A Bay Area native, I attended University of California, Santa Cruz, and Stanford University. After working as a high school drama teacher, I returned to graduate school at the University of Washington, completing my PhD in 1984. I am committed to the scientist-practitioner model in which research and practice are reciprocally interlinked. As a practitioner seeking to connect with his community, profession and culture, I have always valued scholarly publication. I respect and value science because it has served as the foundation for everything I have written: numerous scholarly articles and chapters, practice guidelines and APA policies.

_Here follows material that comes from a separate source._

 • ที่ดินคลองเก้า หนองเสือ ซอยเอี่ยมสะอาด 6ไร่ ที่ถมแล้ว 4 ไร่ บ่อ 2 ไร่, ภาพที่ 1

Science likewise has informed my work as an instructor and supervisor at the University of Washington as well as a psychological evaluator of pilots for the FAA since 1985. I’ve lectured in the United States and abroad on various aspects of the ethical and competent treatment of members of marginalized groups in psychotherapy.
My professional life spans three decades of service to organized psychology. I started serving on committees of my state association (Washington), and belong to my home state’s association (California). For the past 10 years, it has been my pleasure to serve as a Council Representative from Divs. 42 and 44; a term on the APA Board of Directors (2006–08); and numerous committees, and I currently chair the Board for the Advancement of Psychology in the Public Interest. I’ve worked to bring the military and LGBT psychologists to accord and a functional working relationship, and to facilitate the groups representing social justice, ethics and the military to craft more explicit and useful policy statements about psychology’s role in interrogations. Currently, I serve on the boards of the APA Insurance Trust and the Association for the Advancement of Psychology. My work has been recognized with numerous awards.

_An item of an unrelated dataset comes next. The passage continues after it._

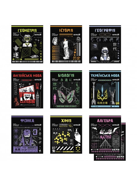 • в наборі – 10 предметних зошитів. З них 48 аркушів це - Алгебра (2 шт), Географія, Геометрія, Історія, Фізика, Хімія, Біологія, Англійська мова; 24 аркуші - Українська мова;

I seek the presidency of APA to strengthen our connections within psychology and with society as a whole. I can bring our various elements together because I am invested in and fundamentally value the diverse domains of psychology. Additionally, I have the vision and the temperament to represent APA to the culture and the world. I’ve worked with enough APA presidents to understand what is realistic during a one-year term. Yet, as a marathon runner, I am a person of optimism and tenacity. I invite you to join the community supporting my election.
My campaign is about developing a community whose purpose is strengthening the connections of psychology with our culture, and of connecting psychologists with each other. These connections are vital for psychology to be a leading force in all aspects of health and human behavior. How we can shape awareness of who we are — and what we have to offer — is central in psychology’s ability to be a force for good in the lives of individuals and our society.
Our strategic plan directs us toward greater stability and cohesiveness as an association, and enhanced opportunity in striving to end health disparities through integrated care. However, practitioners, scientists, educators, students and public interest colleagues all face threats against which we must stand united. Whether it is the practitioner affected by the incursion of managed care, the scientist whose funding is jeopardized, or the student who cannot find an internship, we must recognize that this is one discipline. We will strive to protect all of psychology through advocacy, as well as continuing our partner relationships with related health-care professions.
The president is the public face and voice of the association. As a long-term member of Council as well as the APA Board of Directors, I know that much happens in a president’s year that she or he was not expecting. The president must possess equanimity and thoughtfulness, eloquence, quick thinking and the collaborative nature of a true consensus-builder. I offer you that and more. In my extensive governance experience, I’ve had the opportunity to learn the collaborative culture of APA in a variety of venues, bringing together diverse groups to resolve complex issues.
If you resonate with these values and this vision, I invite you to join my online community, and I ask for your No. 1 vote.